Please return each entry exactly as it appears, but not the pictures.

(Beginning of TASK INPUT)

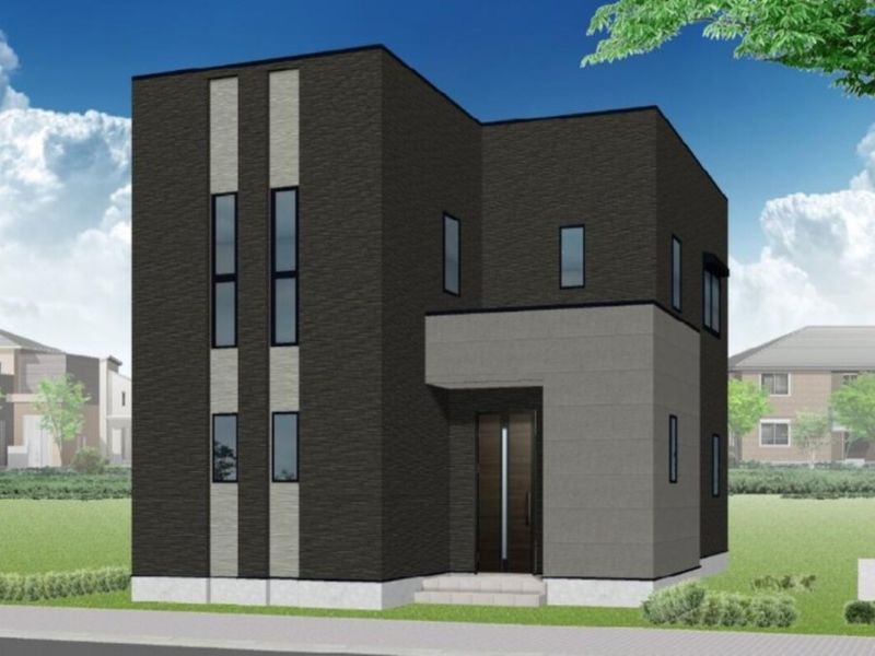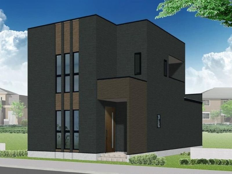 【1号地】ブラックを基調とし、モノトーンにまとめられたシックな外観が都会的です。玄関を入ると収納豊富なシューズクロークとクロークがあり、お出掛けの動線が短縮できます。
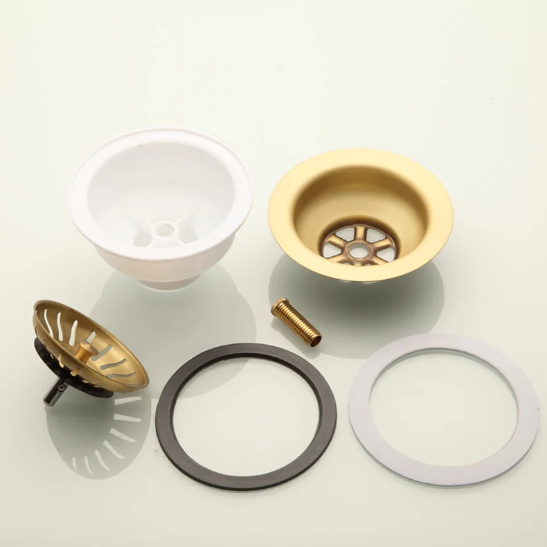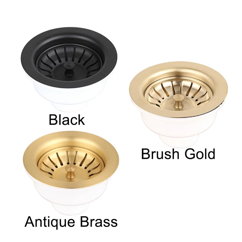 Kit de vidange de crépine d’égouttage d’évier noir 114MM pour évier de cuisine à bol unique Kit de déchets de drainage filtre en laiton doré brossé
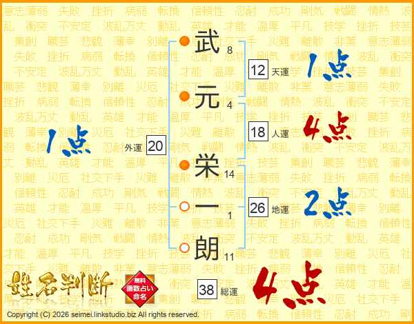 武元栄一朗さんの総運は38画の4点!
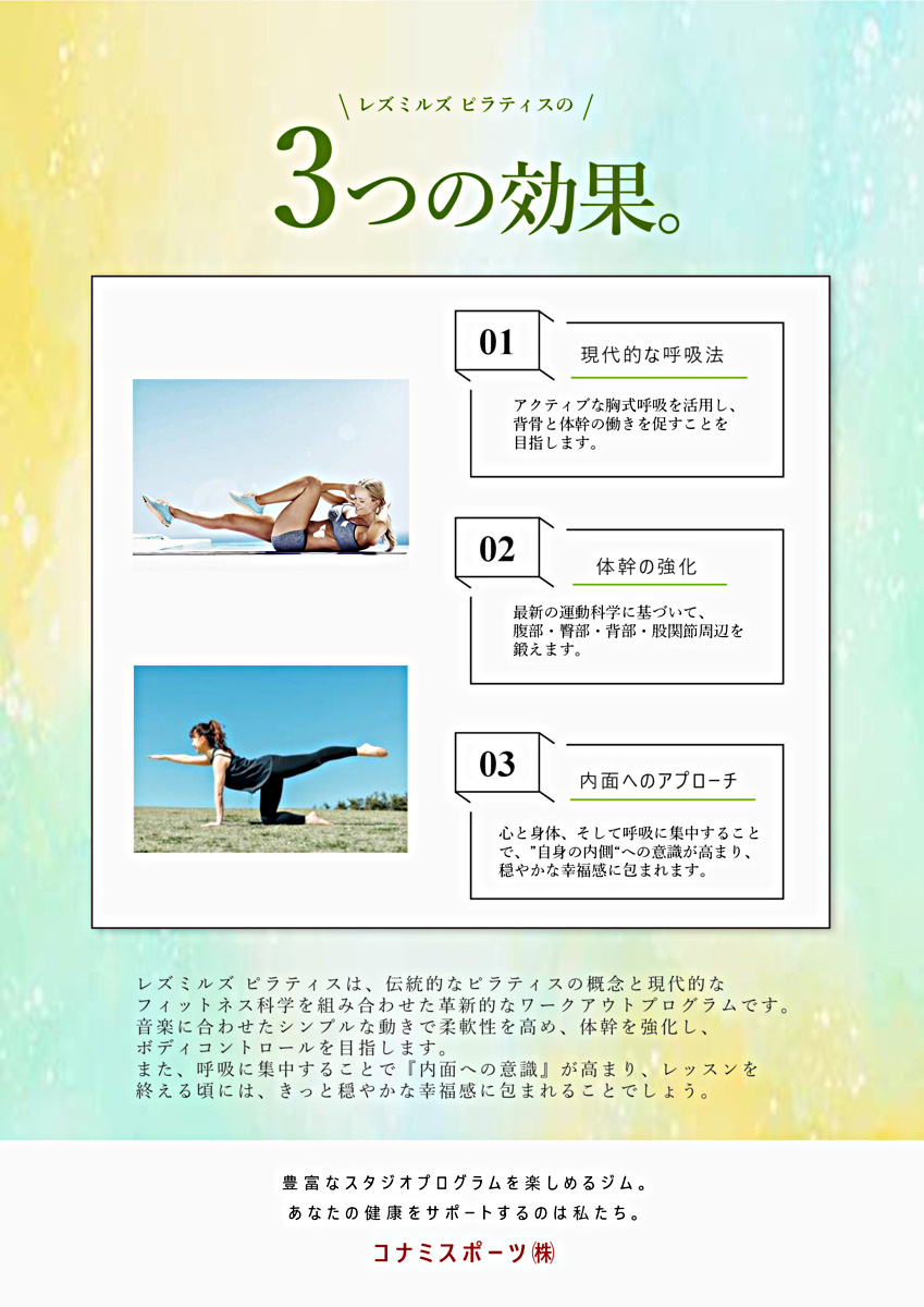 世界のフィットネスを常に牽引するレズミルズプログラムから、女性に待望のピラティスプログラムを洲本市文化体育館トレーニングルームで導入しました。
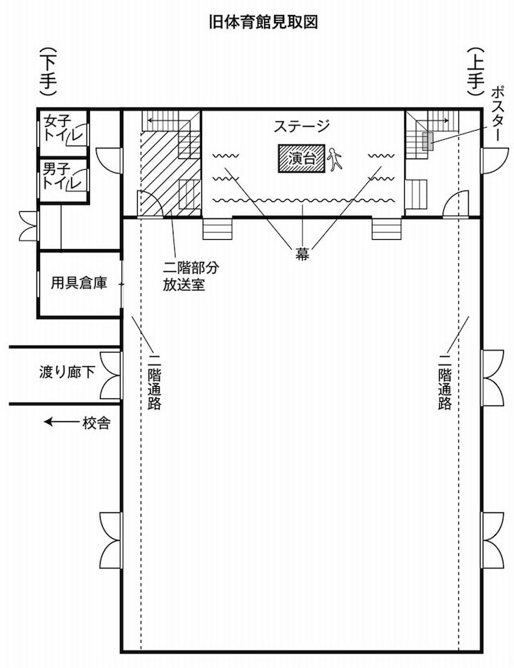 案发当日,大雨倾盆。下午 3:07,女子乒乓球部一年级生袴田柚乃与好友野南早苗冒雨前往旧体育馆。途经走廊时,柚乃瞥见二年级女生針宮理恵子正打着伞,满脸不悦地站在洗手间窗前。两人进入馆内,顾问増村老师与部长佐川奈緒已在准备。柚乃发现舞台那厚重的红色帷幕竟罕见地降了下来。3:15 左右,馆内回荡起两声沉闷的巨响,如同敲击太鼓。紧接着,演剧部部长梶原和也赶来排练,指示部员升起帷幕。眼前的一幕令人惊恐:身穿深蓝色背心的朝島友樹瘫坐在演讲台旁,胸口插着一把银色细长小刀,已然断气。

(End of TASK INPUT)

REPLY =>
 【1号地】ブラックを基調とし、モノトーンにまとめられたシックな外観が都会的です。玄関を入ると収納豊富なシューズクロークとクロークがあり、お出掛けの動線が短縮できます。
 Kit de vidange de crépine d’égouttage d’évier noir 114MM pour évier de cuisine à bol unique Kit de déchets de drainage filtre en laiton doré brossé
 武元栄一朗さんの総運は38画の4点!
 世界のフィットネスを常に牽引するレズミルズプログラムから、女性に待望のピラティスプログラムを洲本市文化体育館トレーニングルームで導入しました。
 案发当日,大雨倾盆。下午 3:07,女子乒乓球部一年级生袴田柚乃与好友野南早苗冒雨前往旧体育馆。途经走廊时,柚乃瞥见二年级女生針宮理恵子正打着伞,满脸不悦地站在洗手间窗前。两人进入馆内,顾问増村老师与部长佐川奈緒已在准备。柚乃发现舞台那厚重的红色帷幕竟罕见地降了下来。3:15 左右,馆内回荡起两声沉闷的巨响,如同敲击太鼓。紧接着,演剧部部长梶原和也赶来排练,指示部员升起帷幕。眼前的一幕令人惊恐:身穿深蓝色背心的朝島友樹瘫坐在演讲台旁,胸口插着一把银色细长小刀,已然断气。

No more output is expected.